**Your task:**
Nothing but the pictures should be left out when the entries below are duplicated.

################

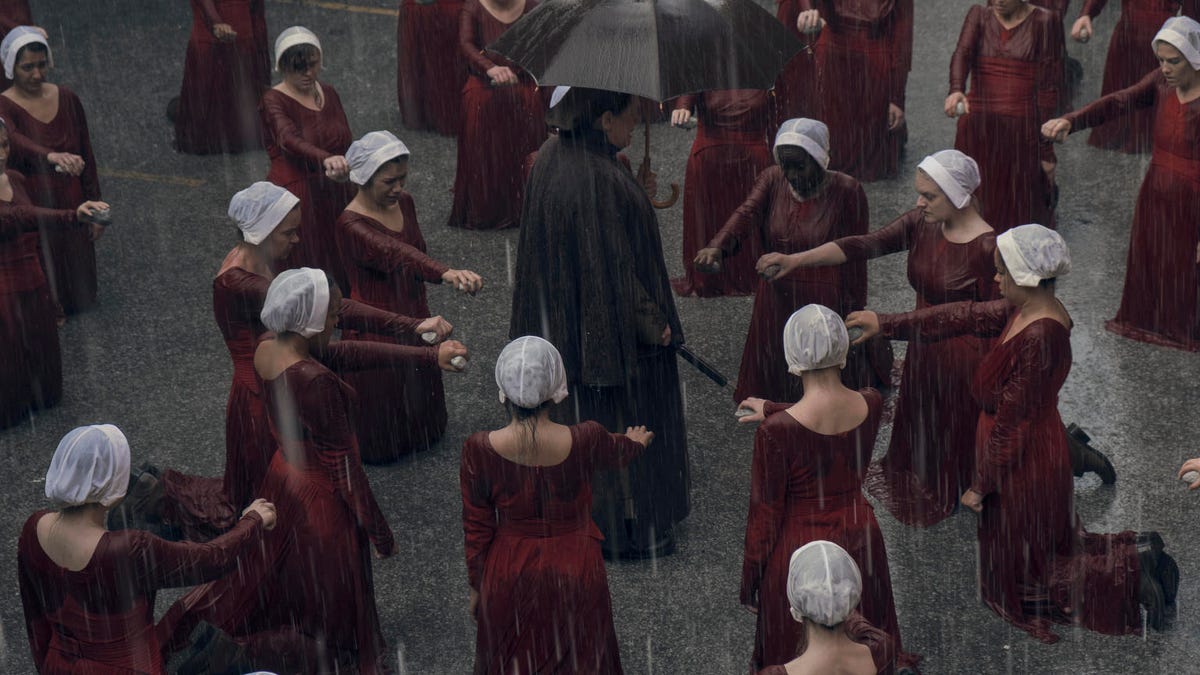 And this season, it's hard not to notice how stunningly artistic the scenes have become. There's a scene, shot from above, where the Handmaids in their red cloaks and white wings are all standing in a circle holding stones as punishment. The camera whirls above them in an eerie aerial view, and the rain falls on the women like daggers. It's just one of many beautifully shot segments that could be paintings if they didn't depict such horrors.
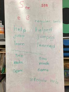 On the week of Oct. 27, we learned that verbs (action or doing words) are either regular (the base word doesn’t change) or irregular (the base word changes).
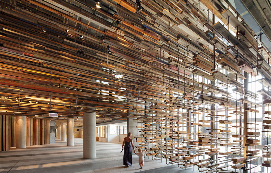 ATT GÅ GENOM lobbyn på det australiensiska hotellet Hotel Hotel är som att simma i ett hav av trä. Bara takstrukturen består av 2 150 trästycken. Ytterligare tusentals bitar av återvunnet trä är fäst runt väggarna och skapar oregelbundna mönster kring byggnadens prefabricerade betongpelare.
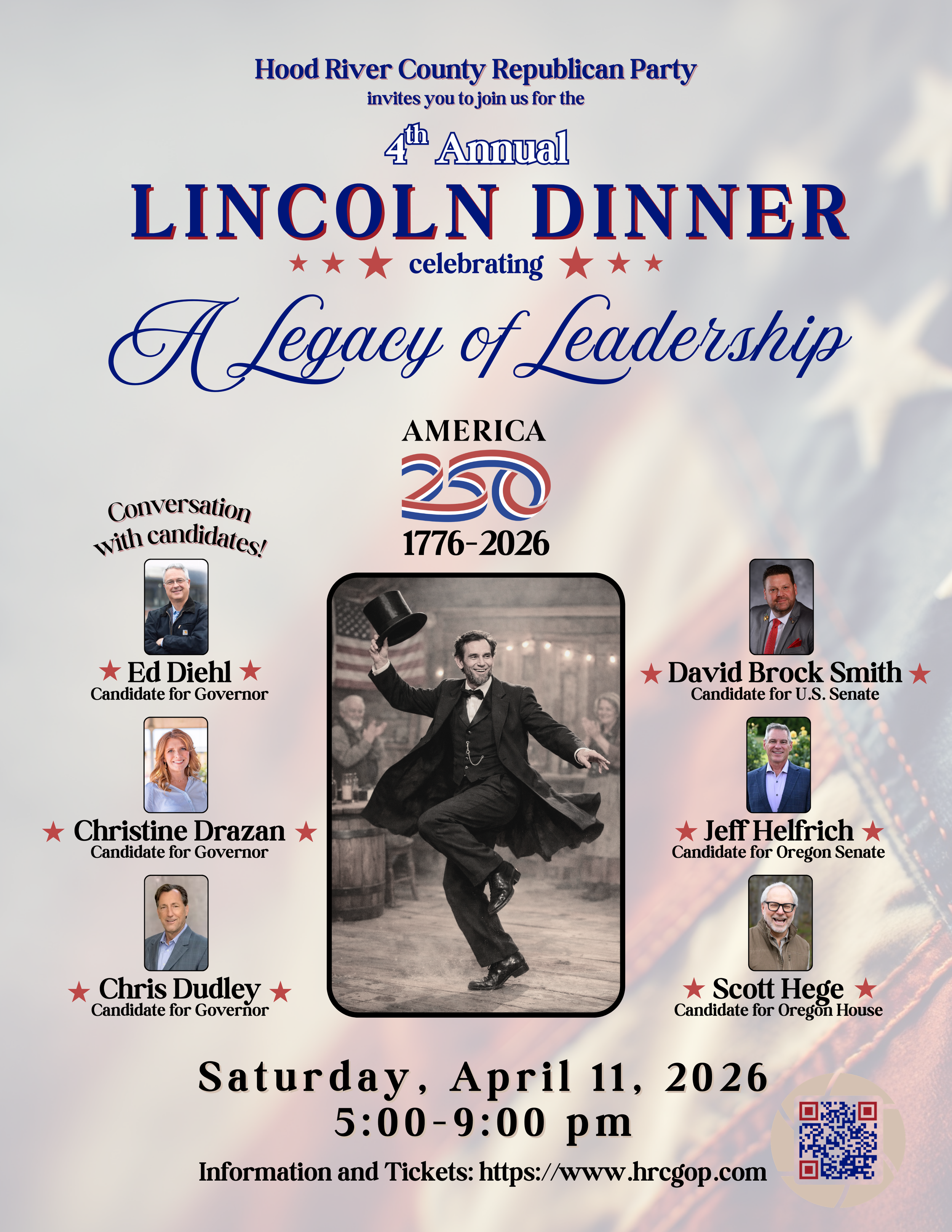 This isn't just dinner; it's a chance to build direct connections with the leaders who share your commitment to hard work, personal responsibility, limited government, and the Constitutional freedoms that have sustained our communities for 250 years.
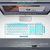 JOYACCESS Bluetooth Multi-Device Wireless Slim Quiet QWERTY Keyboard with Numeric Keypad, Profile Aluminum Keyboard for Laptop, Computer, PC, Windows (Blue & White)
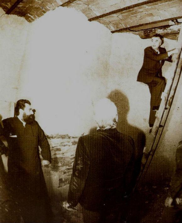 Ο Δήμαρχος Θεσσαλονίκης Μιχάλης Παπαδόπουλος κατεβαίνοντας στην κρύπτη του μακεδονικού αγώνα, έκπληκτος θαυμάζει το εσωτερικό μεγαλείο της κρύπτης
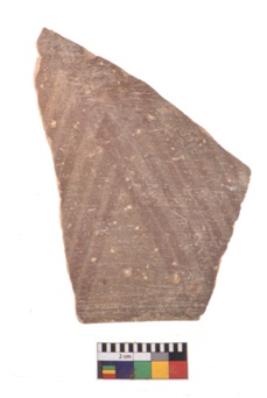 | Description / विवरण | A specimen of a potsherd. It is reddish in colour with black decorative geometric painting on it. |
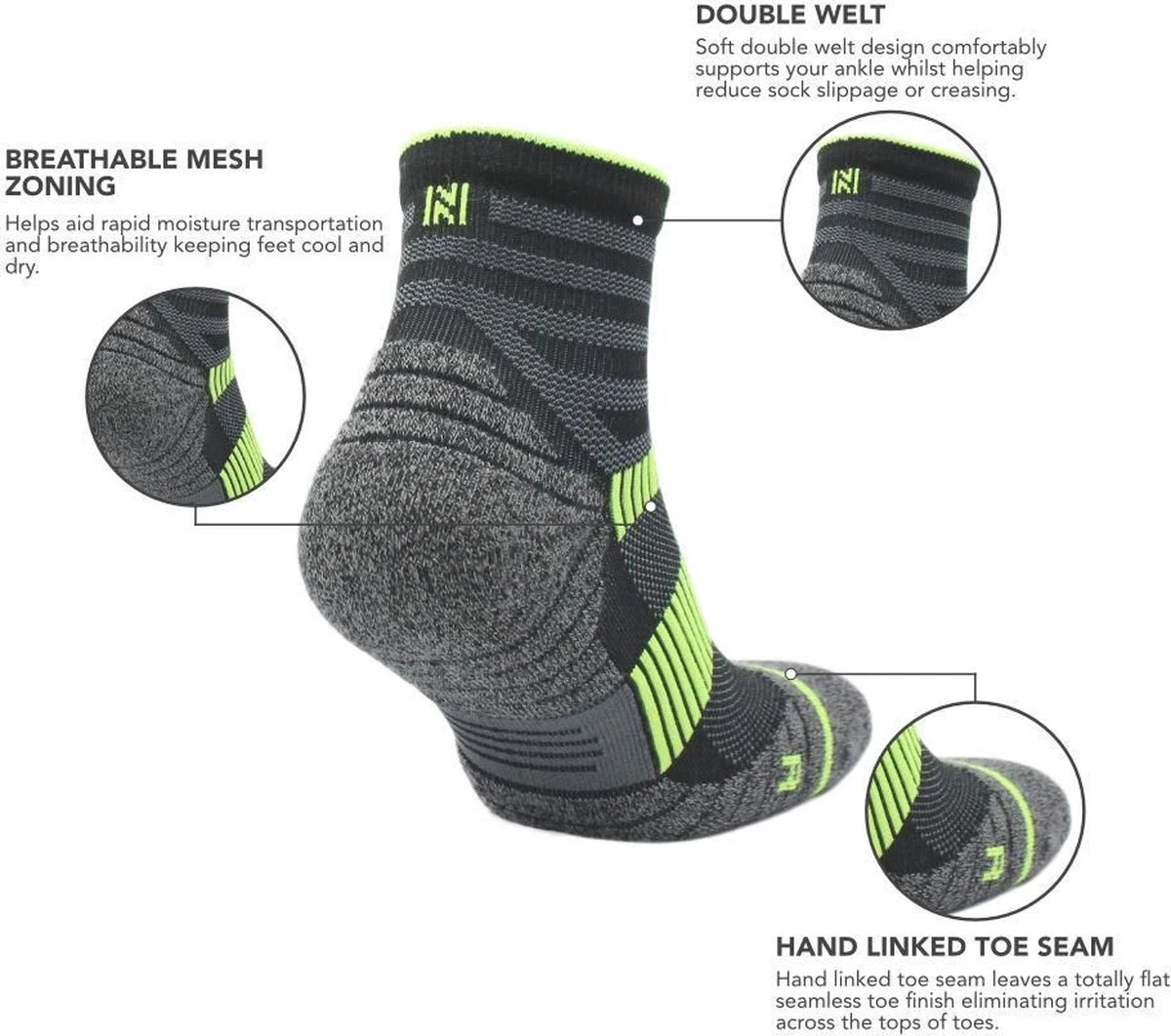Norfolk’s Cougar Ankle Dry Touch Running Socks are manufactured using Prolen® Yarn, which expels humidity by creating a dry touch layer, keeping feet feeling dry, cool and comfortable during your day.
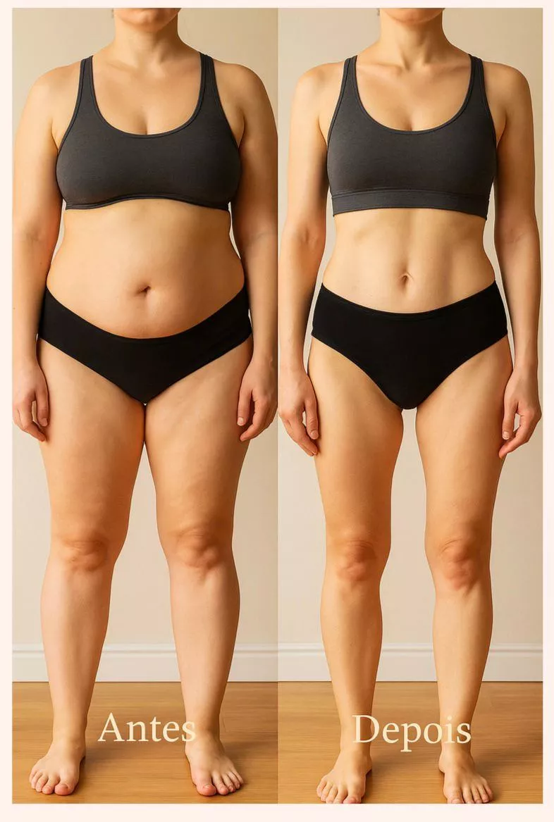 Muitas mulheres relatam menos inchaço e mais leveza entre 7 e 10 dias. A barriga estufada começa a baixar, a roupa marca menos e a pessoa sente mais controle à noite. O ritmo depois é pessoal e depende da sua constância.
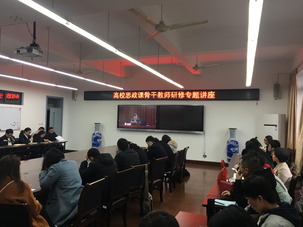 3 月14日 上午9点,高校思政课骨干教师研修专题视频讲座在南山校区12号楼402会议室举办。由“长江学者”,南开大学王新生教授作题为“正确认识当代资本主义新变化和西方民主政治南”专题讲座。全校思政课专兼职教师、“形势与政策”课程任课教师到场收看视频直播。
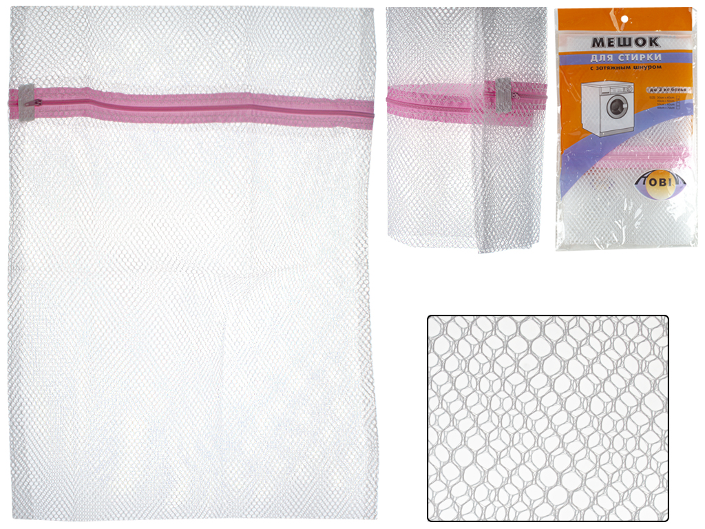 Размер: 40х50см (по замерам 38х49см). Рассчитан на 3кг белья. Застегивается на молнию. Мешок из сетки для безопасной стирки белья и другой одежды в стиральной машине. Защищает вещи от растягивания, контакта с барабаном стиральной машины, а также сам барабан от мелких предметов (косточек, замков, пуговиц). Поставляется в пакете.

################

**Your response:**
 And this season, it's hard not to notice how stunningly artistic the scenes have become. There's a scene, shot from above, where the Handmaids in their red cloaks and white wings are all standing in a circle holding stones as punishment. The camera whirls above them in an eerie aerial view, and the rain falls on the women like daggers. It's just one of many beautifully shot segments that could be paintings if they didn't depict such horrors.
 On the week of Oct. 27, we learned that verbs (action or doing words) are either regular (the base word doesn’t change) or irregular (the base word changes).
 ATT GÅ GENOM lobbyn på det australiensiska hotellet Hotel Hotel är som att simma i ett hav av trä. Bara takstrukturen består av 2 150 trästycken. Ytterligare tusentals bitar av återvunnet trä är fäst runt väggarna och skapar oregelbundna mönster kring byggnadens prefabricerade betongpelare.
 This isn't just dinner; it's a chance to build direct connections with the leaders who share your commitment to hard work, personal responsibility, limited government, and the Constitutional freedoms that have sustained our communities for 250 years.
 JOYACCESS Bluetooth Multi-Device Wireless Slim Quiet QWERTY Keyboard with Numeric Keypad, Profile Aluminum Keyboard for Laptop, Computer, PC, Windows (Blue & White)
 Ο Δήμαρχος Θεσσαλονίκης Μιχάλης Παπαδόπουλος κατεβαίνοντας στην κρύπτη του μακεδονικού αγώνα, έκπληκτος θαυμάζει το εσωτερικό μεγαλείο της κρύπτης
 | Description / विवरण | A specimen of a potsherd. It is reddish in colour with black decorative geometric painting on it. |
Norfolk’s Cougar Ankle Dry Touch Running Socks are manufactured using Prolen® Yarn, which expels humidity by creating a dry touch layer, keeping feet feeling dry, cool and comfortable during your day.
 Muitas mulheres relatam menos inchaço e mais leveza entre 7 e 10 dias. A barriga estufada começa a baixar, a roupa marca menos e a pessoa sente mais controle à noite. O ritmo depois é pessoal e depende da sua constância.
 3 月14日 上午9点,高校思政课骨干教师研修专题视频讲座在南山校区12号楼402会议室举办。由“长江学者”,南开大学王新生教授作题为“正确认识当代资本主义新变化和西方民主政治南”专题讲座。全校思政课专兼职教师、“形势与政策”课程任课教师到场收看视频直播。
 Размер: 40х50см (по замерам 38х49см). Рассчитан на 3кг белья. Застегивается на молнию. Мешок из сетки для безопасной стирки белья и другой одежды в стиральной машине. Защищает вещи от растягивания, контакта с барабаном стиральной машины, а также сам барабан от мелких предметов (косточек, замков, пуговиц). Поставляется в пакете.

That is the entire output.